I read on in case there’s more. There is. Blackie tells about Sophie (the name of the main character in the book I’m writing now), who had an epiphany and made some transformational changes in her life, one of which was to start writing poetry. All of the changes are interesting and led her to work with children in schools writing poetry, playing transformation games, engaging with language and the land. She’s connecting the language and the children and the land, “planting a seed so that sometime, when they need it, they’ll remember these things. Because it’s time for us to rise up and take back our role as caretakers and stewards not just of the land but of the children, too,” (p. 131). My heart stutters at her words. This is Truth. Thank you, God. Thank you, Sharon Blackie. Thank you, Sophie McKeand.

I was swept into the river. We’re between stories. Yes. We’re losing the old story, the old dreams, challenged to let go, and working through it. Yes. We’re dying to ourselves and to the world so we can be reborn. Yes. Her words mirrored my own. Embrace the dark. Meditate, move, be quiet, listen to your body, sit in the woods alone in the shadows with the trees and the night sounds, thrust your hands into your past and present feelings-- or not. Be still and trust. This isn’t a problem to be solved, but a hurt signaling rebirth. Yes. I know this pain. It can be long and protracted and frightening. The delivery of my daughter almost ended in the death of us both.

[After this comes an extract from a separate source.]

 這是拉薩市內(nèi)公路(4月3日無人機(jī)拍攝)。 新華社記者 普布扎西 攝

Blackie cautions against staying in this place as that is a sign of our “culture of narcissists, excessively focused on the perfection of our own pain,” (p.134). I’m beginning to sense that when someone advises “self-care” they may actually be suggesting without intent or malice that we keep returning to our wounds, tending them, caring for them. That may heal, but it can also keep them raw. For me, I need to carry the pain. It is a rock in my shoe telling me that things are not o.k. It may eventually be the story of how it bore deeply into my foot, made me limp, almost destroyed my pilgrimage on the Earth, but did not disfigure me. I realized what it was and stopped, removed the rock, and let myself heal, before going forward. But this isn’t just about me. We are all on this journey together and we are all sharing this pain, even if some of us don’t fully realize it yet. This may seem like it is only about each of us individually, and for what it’s worth, I’ve been to the mirror, seen myself clearly, and didn’t like what I saw. With all excuses gone, “only grief is left—the great grief which comes from knowing that you have failed yourself,” p. 135. That is the Truth on which I walk. That is the Truth on which we all walk. But I can change that. At my age and in this era, I will not stay in this pain nor will I fall apart. I will not run toward the nearest exit nor will I abandon the Earth or others to a less than loving state. I can change. We can change.

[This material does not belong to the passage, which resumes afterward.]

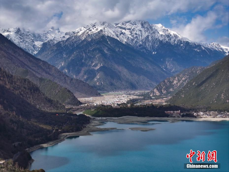 3月30日,航拍巴松措春日風(fēng)景。巴松措又名錯高湖,位于西藏自治區(qū)林芝市工布江達縣,是西藏首個自然風(fēng)景類國家5A級旅游風(fēng)景區(qū)。從空中俯瞰巴松措,碧藍的湖水被雪山、森林環(huán)繞,宛如鑲嵌在群山間的“藍寶石”。(無人機照片)中新社記者 馬銘言 攝
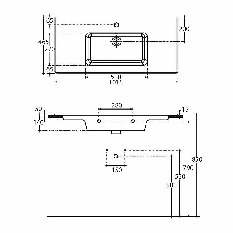 • Отверстия под смеситель:

Blackie leads us to discover a path. I am ready to plunge into the rest of the book, spend what’s left of my evening immersed in the story, navigate my way to what I fantasize will be a happy ending even though I know it won’t be. First, I’ll go back to the beginning as I will do with my life and read to this point. For now, these few pages are enough to answer my prayer. It is enough to know another has been in this place psychically, spiritually, has pulled the stories from years ago into the present as evidence that this is where women go when the pain of life is too great. It is enough to know that crazy is the right and sometimes only response when the hurt is cavernous. It is enough to know that others have been on this path. It is enough to know they shared the journey. It is enough to know that the pain will return, but like the women before me and those in the present, we will face it and find our way. It is enough to know that others have heard the voices: start with the land, listen, find a sense of place. You are a steward of the Earth and her children. You are not crazy, although you are definitely mad. It is enough to know that others have stood before and are standing now. It is enough to know that we rise rooted on the Earth and with each other. We will repair the fabric of this world and thread by thread we will reweave our hearts in love.